Exercise description: Nothing but the lines from the one showing "Схема страдает от" through the final line of the data below belongs in the answer, duplicated exactly and without pictures.

Dataset extract:
......
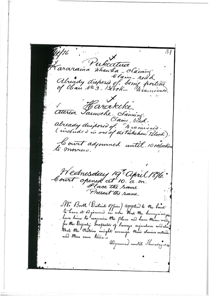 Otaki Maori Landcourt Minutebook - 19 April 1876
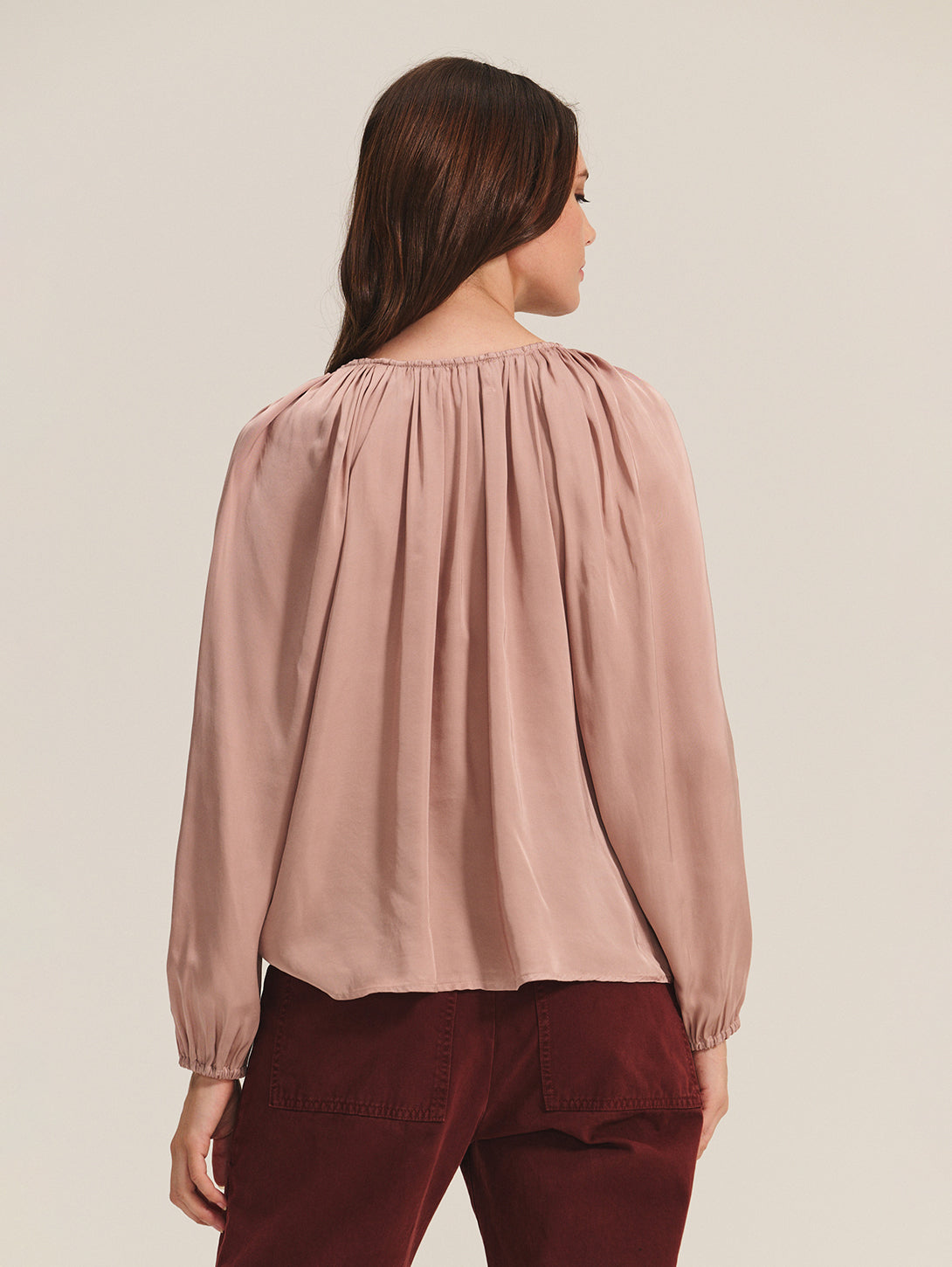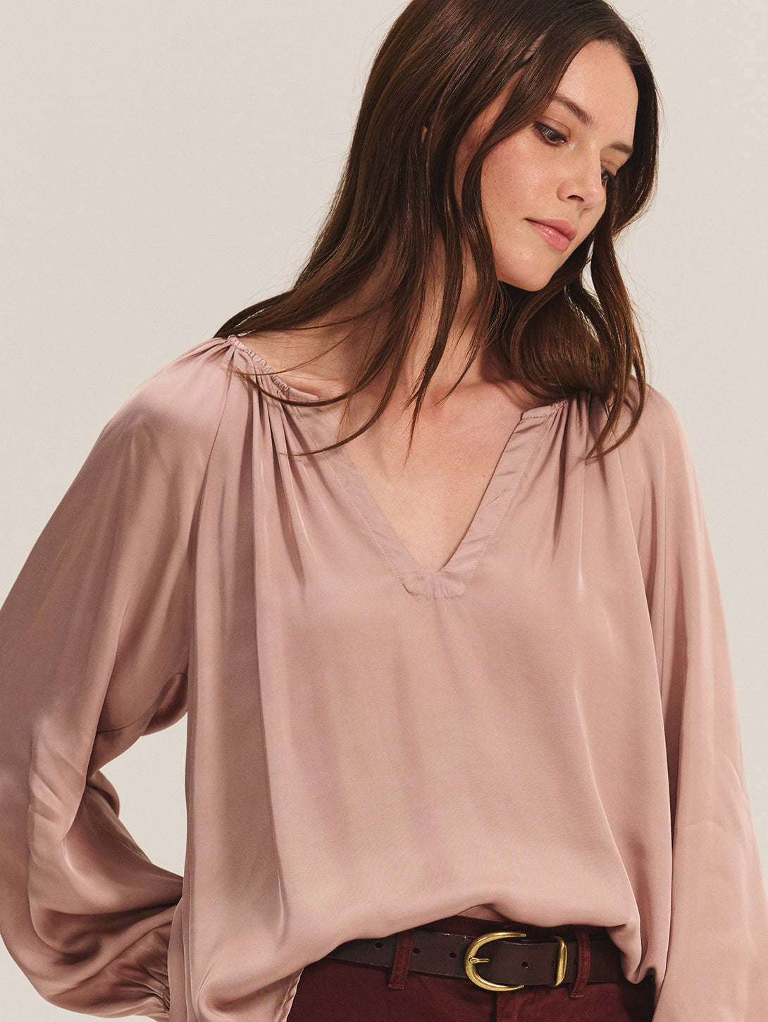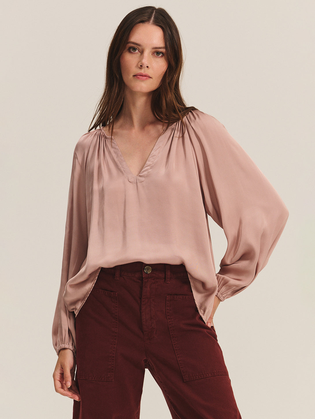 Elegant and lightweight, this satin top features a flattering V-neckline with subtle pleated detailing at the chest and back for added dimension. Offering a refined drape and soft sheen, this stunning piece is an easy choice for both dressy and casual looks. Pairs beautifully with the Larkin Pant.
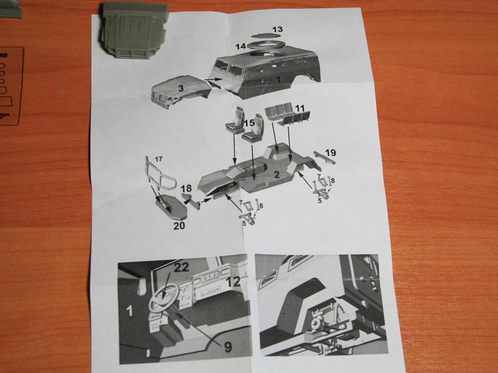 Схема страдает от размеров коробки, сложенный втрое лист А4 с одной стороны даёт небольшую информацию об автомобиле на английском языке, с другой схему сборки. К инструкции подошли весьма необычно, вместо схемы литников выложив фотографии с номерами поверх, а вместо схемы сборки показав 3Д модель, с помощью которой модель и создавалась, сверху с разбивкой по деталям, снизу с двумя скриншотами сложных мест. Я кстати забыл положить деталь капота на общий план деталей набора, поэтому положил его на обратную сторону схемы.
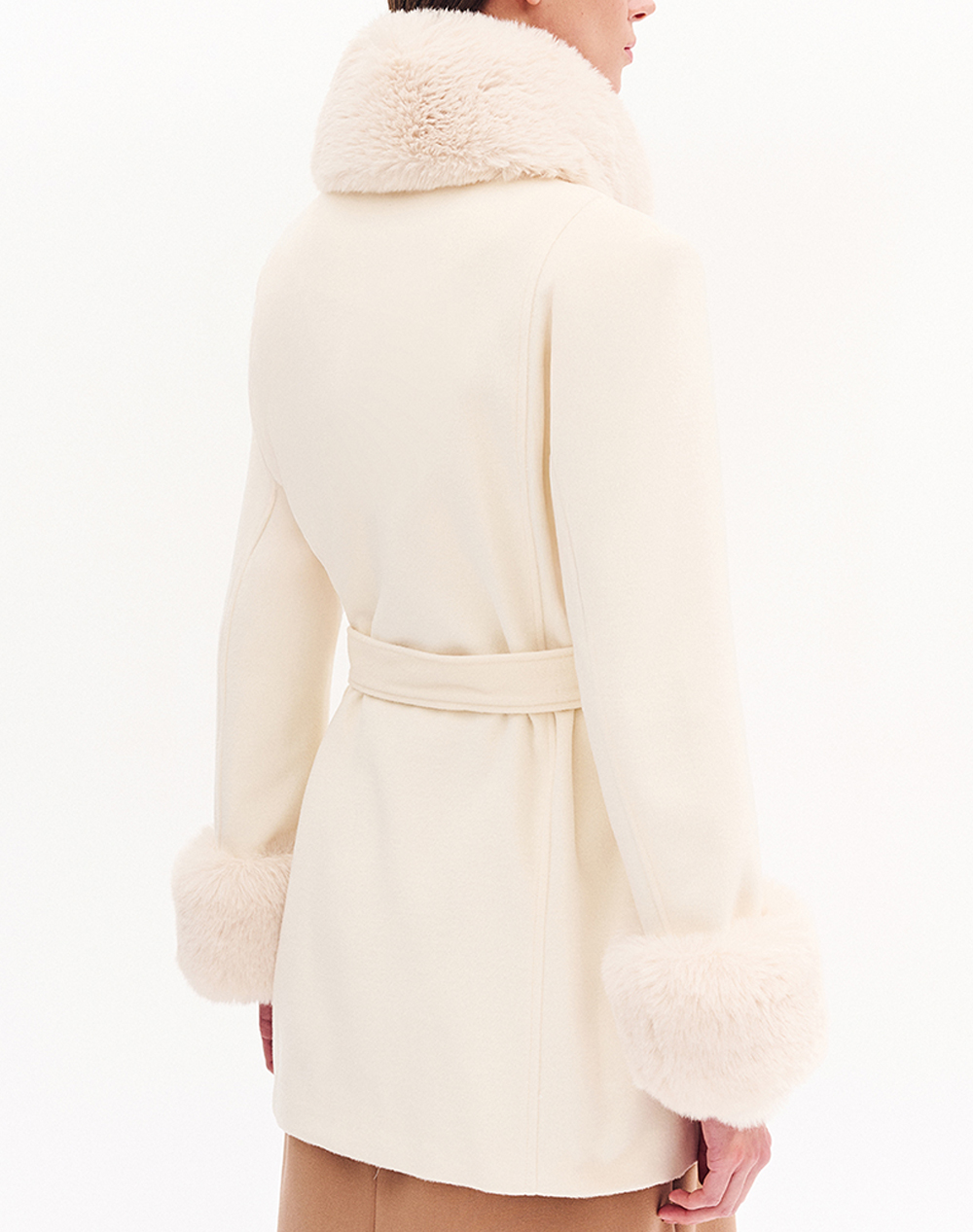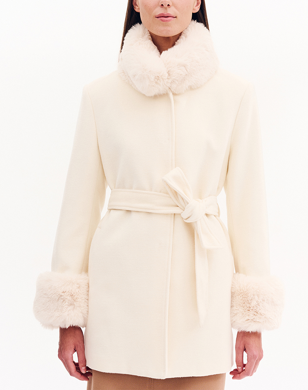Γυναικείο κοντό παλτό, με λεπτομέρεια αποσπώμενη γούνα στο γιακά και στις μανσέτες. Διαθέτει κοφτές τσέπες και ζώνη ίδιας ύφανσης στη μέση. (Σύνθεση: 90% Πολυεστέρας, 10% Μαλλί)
......
Solution for this problem:
 Схема страдает от размеров коробки, сложенный втрое лист А4 с одной стороны даёт небольшую информацию об автомобиле на английском языке, с другой схему сборки. К инструкции подошли весьма необычно, вместо схемы литников выложив фотографии с номерами поверх, а вместо схемы сборки показав 3Д модель, с помощью которой модель и создавалась, сверху с разбивкой по деталям, снизу с двумя скриншотами сложных мест. Я кстати забыл положить деталь капота на общий план деталей набора, поэтому положил его на обратную сторону схемы.
Γυναικείο κοντό παλτό, με λεπτομέρεια αποσπώμενη γούνα στο γιακά και στις μανσέτες. Διαθέτει κοφτές τσέπες και ζώνη ίδιας ύφανσης στη μέση. (Σύνθεση: 90% Πολυεστέρας, 10% Μαλλί)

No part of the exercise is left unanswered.